WHAT YOU HAVE TO DO -
Below are the records. Retype exactly the lines between the lines holding "6、打泰坦是一场消耗战,因为" and "Ёслолын жагсаал командлагч", inclusive.

PROVIDED RECORDS -
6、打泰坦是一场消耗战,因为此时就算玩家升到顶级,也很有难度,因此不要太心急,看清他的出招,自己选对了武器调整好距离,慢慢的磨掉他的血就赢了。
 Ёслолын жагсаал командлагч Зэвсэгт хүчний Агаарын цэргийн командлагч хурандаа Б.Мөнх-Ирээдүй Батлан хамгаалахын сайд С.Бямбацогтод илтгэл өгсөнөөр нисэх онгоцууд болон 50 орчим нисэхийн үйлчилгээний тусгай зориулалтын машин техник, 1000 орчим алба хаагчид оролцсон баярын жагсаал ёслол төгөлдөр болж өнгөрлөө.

* * *

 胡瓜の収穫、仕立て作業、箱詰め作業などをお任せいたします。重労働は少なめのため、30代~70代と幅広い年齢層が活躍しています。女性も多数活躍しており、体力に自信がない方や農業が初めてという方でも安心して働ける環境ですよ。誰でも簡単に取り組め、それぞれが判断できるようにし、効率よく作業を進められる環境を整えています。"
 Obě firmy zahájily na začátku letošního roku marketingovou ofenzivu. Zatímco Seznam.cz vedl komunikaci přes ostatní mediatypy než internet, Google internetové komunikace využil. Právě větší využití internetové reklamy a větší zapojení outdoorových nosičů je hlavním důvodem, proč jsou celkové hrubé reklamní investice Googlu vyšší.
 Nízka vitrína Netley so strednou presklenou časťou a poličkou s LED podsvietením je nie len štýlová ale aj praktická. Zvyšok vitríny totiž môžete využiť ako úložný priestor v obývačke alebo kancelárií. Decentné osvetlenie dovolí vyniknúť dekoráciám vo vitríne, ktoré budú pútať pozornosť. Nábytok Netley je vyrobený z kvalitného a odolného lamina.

YOUR RESPONSE -
6、打泰坦是一场消耗战,因为此时就算玩家升到顶级,也很有难度,因此不要太心急,看清他的出招,自己选对了武器调整好距离,慢慢的磨掉他的血就赢了。
 Ёслолын жагсаал командлагч Зэвсэгт хүчний Агаарын цэргийн командлагч хурандаа Б.Мөнх-Ирээдүй Батлан хамгаалахын сайд С.Бямбацогтод илтгэл өгсөнөөр нисэх онгоцууд болон 50 орчим нисэхийн үйлчилгээний тусгай зориулалтын машин техник, 1000 орчим алба хаагчид оролцсон баярын жагсаал ёслол төгөлдөр болж өнгөрлөө.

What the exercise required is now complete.